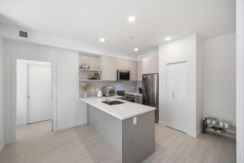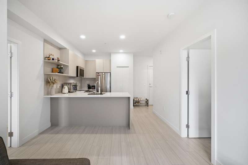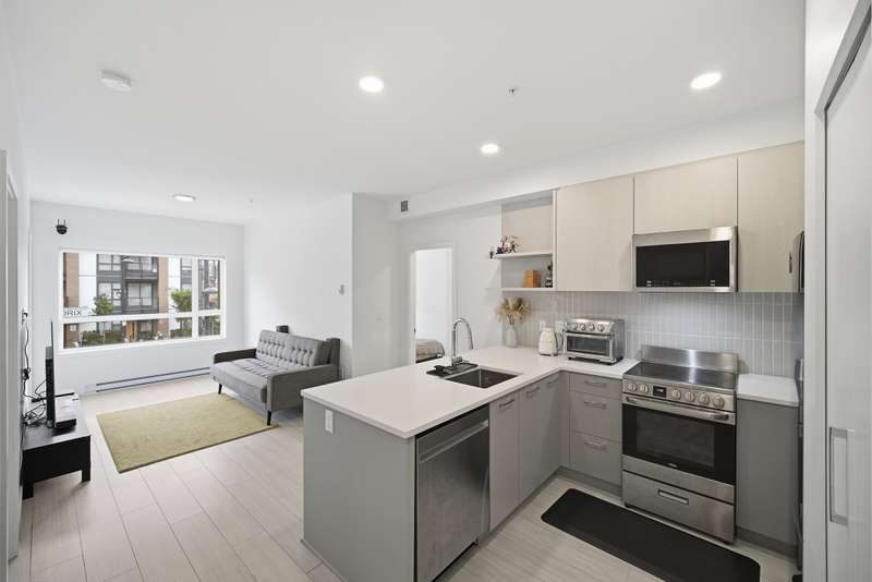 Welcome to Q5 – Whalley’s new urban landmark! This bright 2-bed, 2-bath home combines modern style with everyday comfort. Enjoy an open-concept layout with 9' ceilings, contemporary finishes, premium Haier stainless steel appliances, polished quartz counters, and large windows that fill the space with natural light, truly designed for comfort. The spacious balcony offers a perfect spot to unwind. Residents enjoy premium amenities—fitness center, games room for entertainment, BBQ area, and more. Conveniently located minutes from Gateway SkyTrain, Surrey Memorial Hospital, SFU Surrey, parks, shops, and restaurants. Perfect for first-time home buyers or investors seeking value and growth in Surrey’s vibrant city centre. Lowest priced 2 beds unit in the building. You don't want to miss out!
****************
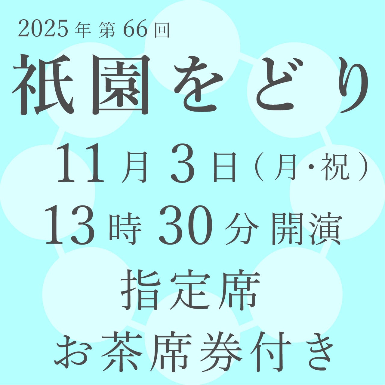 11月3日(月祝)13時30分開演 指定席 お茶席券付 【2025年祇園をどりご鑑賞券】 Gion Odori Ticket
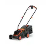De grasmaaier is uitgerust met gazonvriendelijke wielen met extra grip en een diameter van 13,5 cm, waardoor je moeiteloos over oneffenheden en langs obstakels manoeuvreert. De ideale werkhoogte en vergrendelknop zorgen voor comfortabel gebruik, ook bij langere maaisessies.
****************
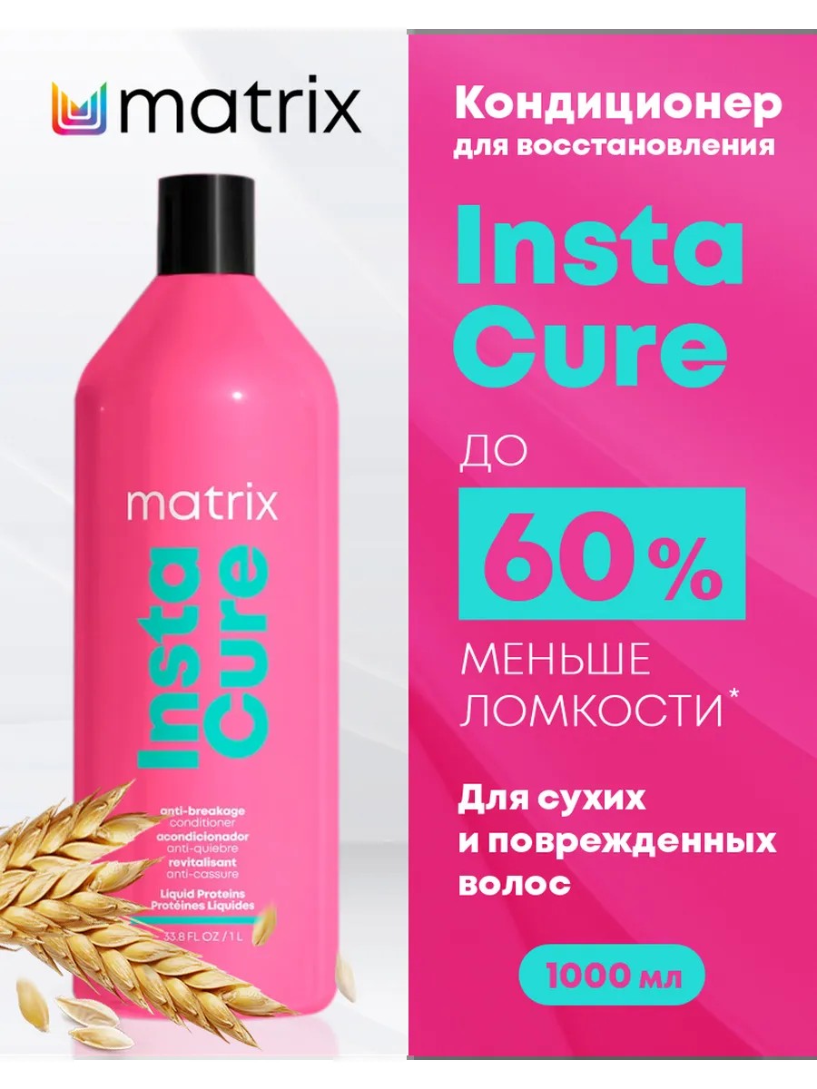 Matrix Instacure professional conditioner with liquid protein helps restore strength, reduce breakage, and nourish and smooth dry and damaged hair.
****************
→ WHAT YOU SHOULD DO: Everything from the line above that contains "11月3日(月祝)13時30分開演 指定席 お茶席券付" down to the line that contains "De grasmaaier is" must be reproduced exactly, both ends included. Omit the pictures.

→ OUTPUT:
 11月3日(月祝)13時30分開演 指定席 お茶席券付 【2025年祇園をどりご鑑賞券】 Gion Odori Ticket
De grasmaaier is uitgerust met gazonvriendelijke wielen met extra grip en een diameter van 13,5 cm, waardoor je moeiteloos over oneffenheden en langs obstakels manoeuvreert. De ideale werkhoogte en vergrendelknop zorgen voor comfortabel gebruik, ook bij langere maaisessies.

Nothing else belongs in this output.